Speaker
Description
Design of new experiments, as well as upgrade of ongoing ones, is a
continuous process in the experimental high energy physics.
Frontier R&Ds are used to squeeze the maximum physics performance using cutting edge detector technologies.
The evaluation of physics performance for a particular configuration
includes sketching this configuration in Geant, simulating typical
signals and backgrounds, applying reasonable reconstruction
procedures, combining results in physics performance metrics.
Since the best solution is a trade-off between different kinds of
limitations, a quick turn over is necessary
to evaluate physics performance for different techniques in different configurations.
Two typical problems which slow down the evaluation of physics performance
for particular approaches to calorimeter detector technologies and
configurations are:
- Emulating particular detector properties including raw detector
response together with a signal processing chain to adequately
simulate a calorimeter response for different signal and background
conditions. This includes combining detector properties obtained from the general Geant simulation with properties obtained from different kinds of bench and beam tests of detector and electronics prototypes.

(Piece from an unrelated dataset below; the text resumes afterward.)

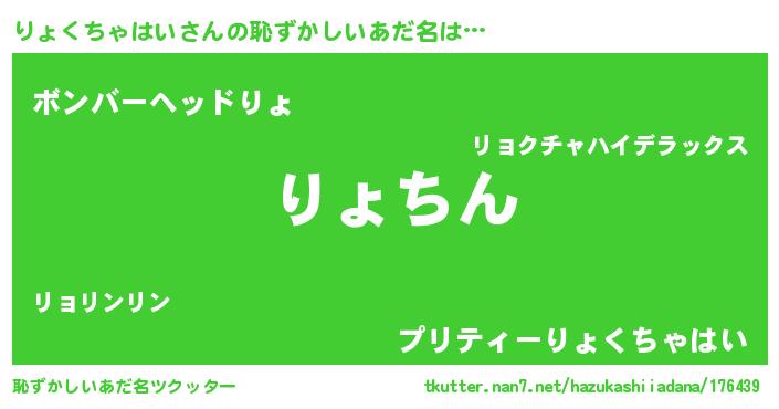 | ヘコむあだ名 | 『りょくちゃはい(笑)』『りょふぇ~』 |

- Building an adequate reconstruction algorithm for physics
reconstruction of the detector response which is reasonably tuned
to extract most of the performance provided by the given detector
configuration.
Being approached from the first principles, both problems require
significant development efforts. Fortunately, both problems may be
addressed by using modern machine learning approaches, that allow
combining available details of the detector techniques into
corresponding higher level physics performance in a semi-automated way.
In the presentation, we discuss the use of advanced machine learning techniques to speed up and improve the precision of the detector development and optimisation cycle, with an emphasis on the experience and practical results obtained by applying this approach to optimising the electromagnetic calorimeter design as a part of the upgrade project for the LHCb detector at LHC.